Women@Web: Mehr Schutz für Frauen im Netz

Frauen brauchen digitale Medienkompetenz, damit sie aktiv an gesellschaftlichen Diskussionen teilnehmen und sich gegen Mobbing im Netz schützen können. Das ist das Fazit eines Expertentreffens der DW Akademie in Nairobi.

Expertentreffen Women@Web in Nairobi, Kenia (DW/Ousman Fye)

Die Teilnehmer Wakabi und Carolyne Ekyarisiima diskutieren ihre Ergebnisse

„Cybergewalt ist bittere Realität. Frauen müssen lernen, sich an Diskursen im Netz zu beteiligen – gerade bei Themen, die sie selbst betreffen. Wir müssen so viele Unterstützer wie möglich für dieses Projekt gewinnen!“, sagt Digitalexpertin Okore Scheaffer, Teilnehmerin aus Kenia. Sieben von zehn Journalistinnen in Kenia sind bereits Opfer von Cybergewalt geworden. Zu diesem Ergebnis kommt eine gemeinsame Studie der Menschenrechtsorganisation „Article 19“ und der Association of Media Women in Kenya (AMWIK).

Vor diesem Hintergrund sprachen 20 Expertinnen aus Kenia, Tansania und Uganda in einem dreitägigen Workshop über die Probleme, mit denen viele Frauen in Ostafrika bei der Internetnutzung konfrontiert sind: Sexismus im Netz, Cybergewalt, digitale Sicherheit und Wissensmangel im Umgang mit dem Netz. Ziel des Workshops: Die Bedürfnisse der Frauen in Ostafrika herauszufinden und gemeinsam mit den Expertinnen und Experten Lösungen zu entwickeln.

Methodischer Schwerpunkt: Human-Centered-Design

Der Workshop nutzte die Methode des Human-Centered-Design: Teilnehmerinnen und Teilnehmer führten Interviews mit Frauen in dem Vorort Machakos und befragten sie zu ihrem Umgang mit dem Internet. Attila Mong, Berater und Human-Centered-Design-Experte der DW Akademie erklärt das Konzept: “Ein nutzerorientierter Ansatz setzt voraus, dass man sich aktiv mit den betroffenen Menschen auseinandersetzt und ihnen zuhört, statt eigene Antworten vorzugeben.“

Expertentreffen Women@Web in Nairobi, Kenia (DW/Ousman Fye)

Carol Ndosi und Okore Scheaffer interviewen Passanten im Vorort Machakos

Nicht nur Cybergewalt, kulturelle Normen und wirtschaftliche Faktoren stellen afrikanische Nutzerinnen vor Herausforderungen, auch ungenügender politischer Wille ist ein Problem. Vor allem aber fehle es an fachlicher Kompetenz. „Den meisten Frauen in Ostafrika fehlen die Kenntnisse, um sich sicher im Netz zu bewegen. Sie wissen oft auch nicht, wie sie alle Möglichkeiten ausschöpfen können, die sich ihnen dort bieten,“ sagt Asha Abinallah, Autorin und Teilnehmerin aus Tansania.

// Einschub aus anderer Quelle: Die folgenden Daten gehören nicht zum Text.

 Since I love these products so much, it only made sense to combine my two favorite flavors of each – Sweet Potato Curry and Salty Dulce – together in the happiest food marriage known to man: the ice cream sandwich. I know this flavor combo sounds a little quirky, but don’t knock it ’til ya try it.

Neue Studie zur Internetnutzung von Frauen

Digitale Medienkompetenz sei die wichtigste Voraussetzung für ostafrikanische Frauen, um das Internet erfolgreich zu nutzen, eigene Inhalte zu erstellen und möglichst große Reichweiten zu erzielen, so das gemeinsame Fazit des Treffens. Die Verbreitung und Förderung digitaler Kompetenzen sei daher das wichtigste Ziel, vor allem in Groß- und Kleinstädten in Ostafrika Frauen, die nur über Grundkenntnisse des Internets verfügen, sowie Frauen, die online aktiv sind aber nicht wissen, wie sie mit Bedrohungen und Angriffen aus dem Netz umgehen sollen, sollen gezielt gestärkt werden.

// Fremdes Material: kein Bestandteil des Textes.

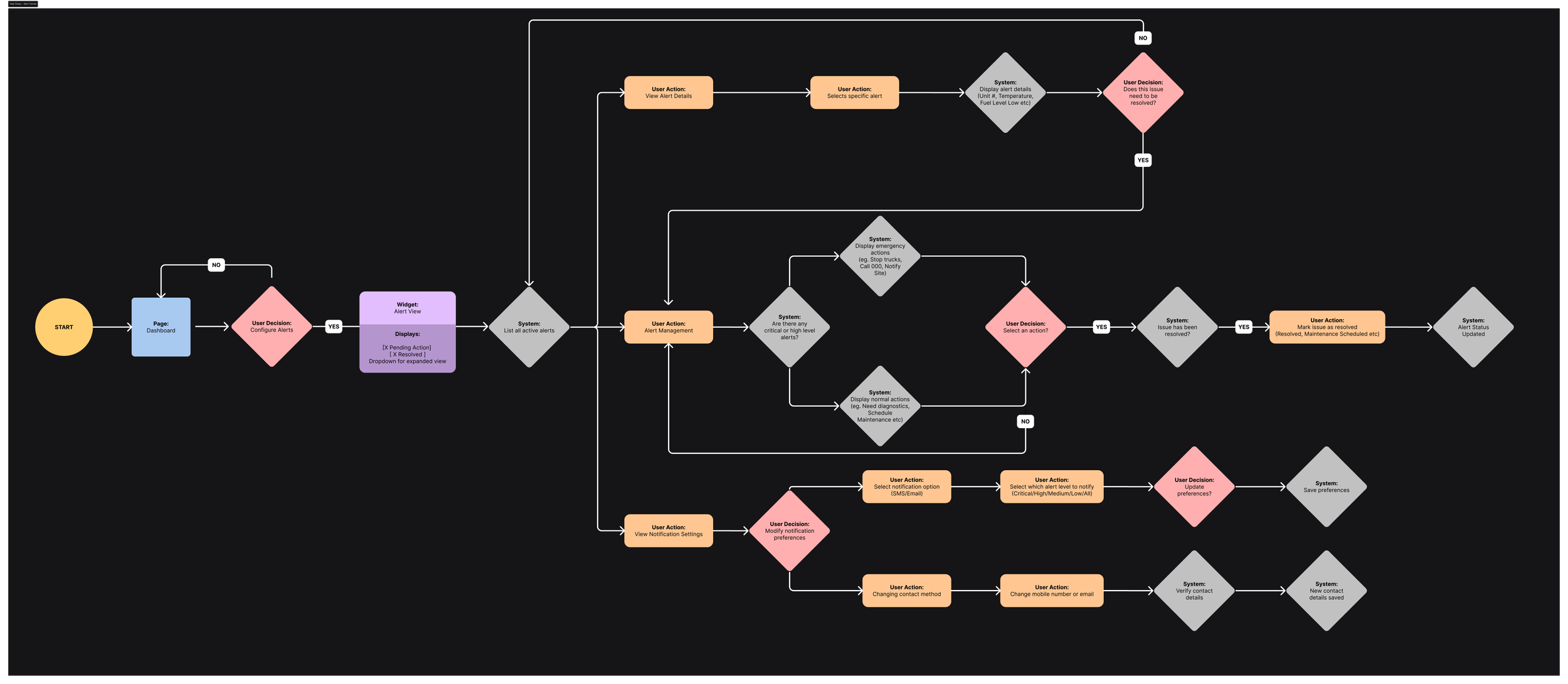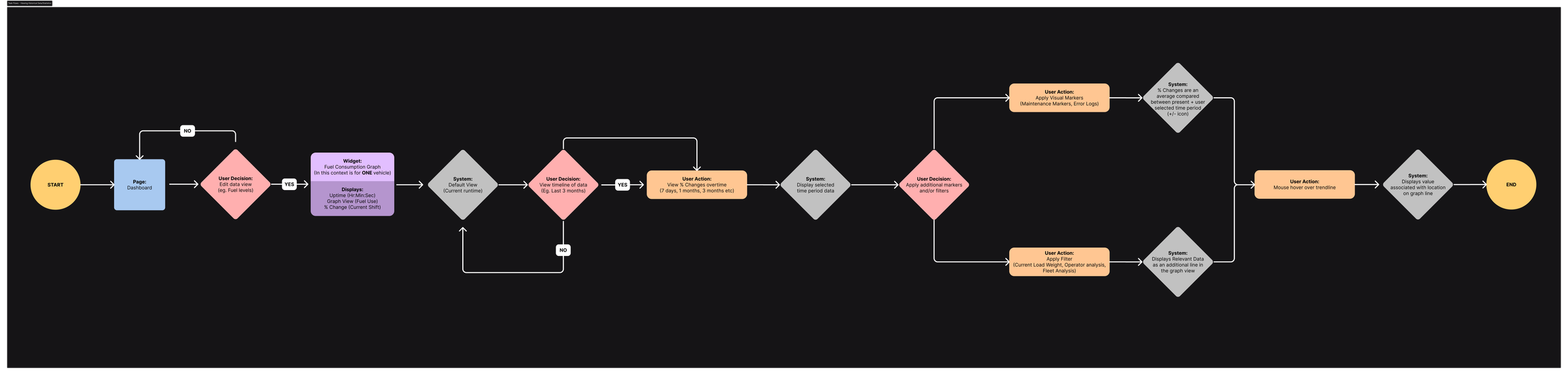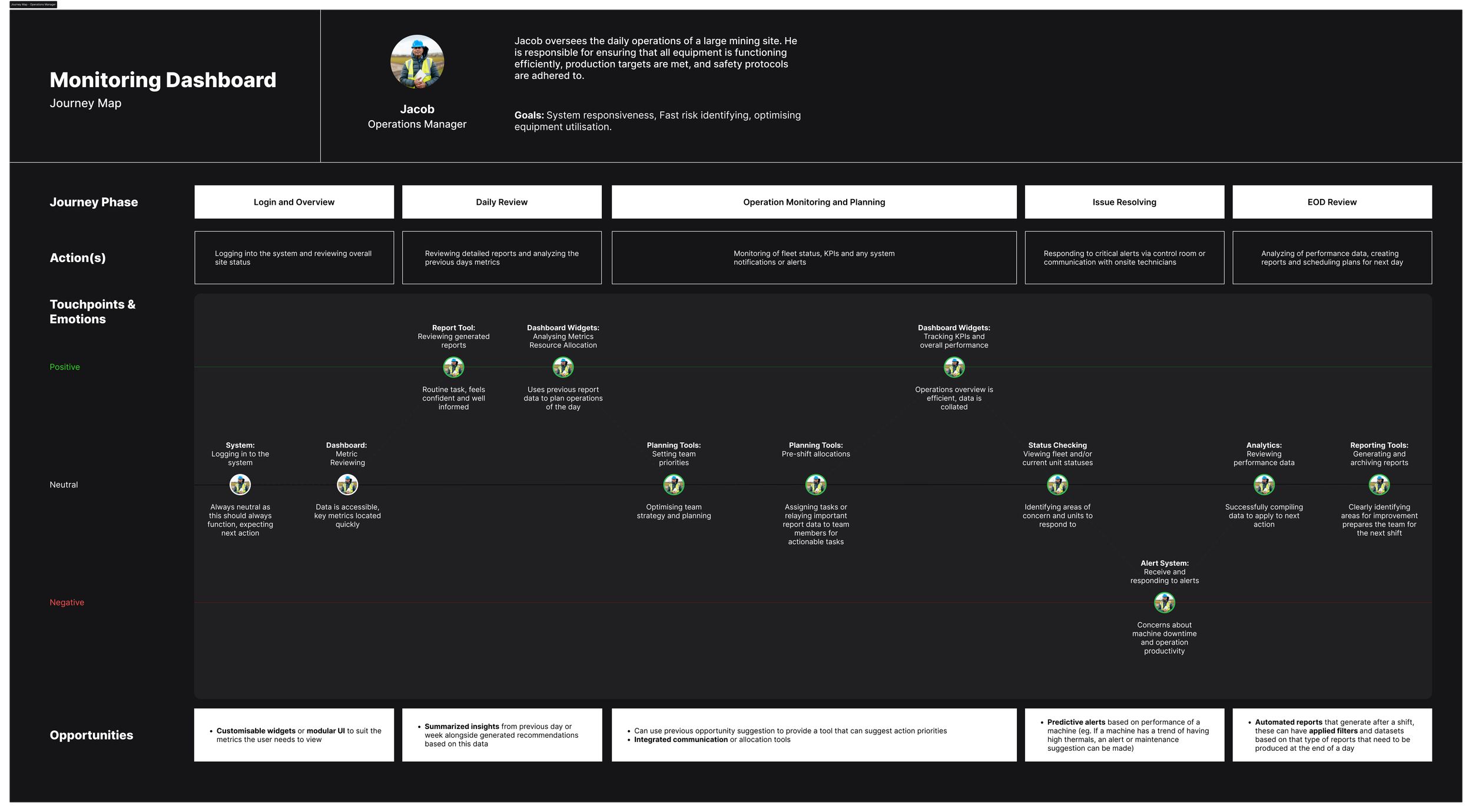 My task for this assessment was to design a user-friendly monitoring dashboard for mining equipment operators capable of visualizing real-time data and trends for mining operations. I was required to deliver several deliverables, including a journey map, user AND task flows, and an annotated low-fidelity mockup of the dashboard.

Expertentreffen Women@Web in Nairobi, Kenia (DW/Ousman Fye)

Gruppenfoto in Nairobi

In den nächsten Monaten ist eine Studie geplant. Sie soll vor allem aufzeigen, wie viele Frauen in Ostafrika das Internet nutzen, wie viele ein eigenes Smartphone besitzen, aber auch welche Plattformen sie regelmäßig nutzen und wie sie mit Gewalt und Bedrohungen im Internet umgehen. Fundierte Daten könnten langfristig dabei helfen, in der Öffentlichkeit ein Bewusstsein für Cybergewalt gegen Frauen zu schaffen und sie zu schützen.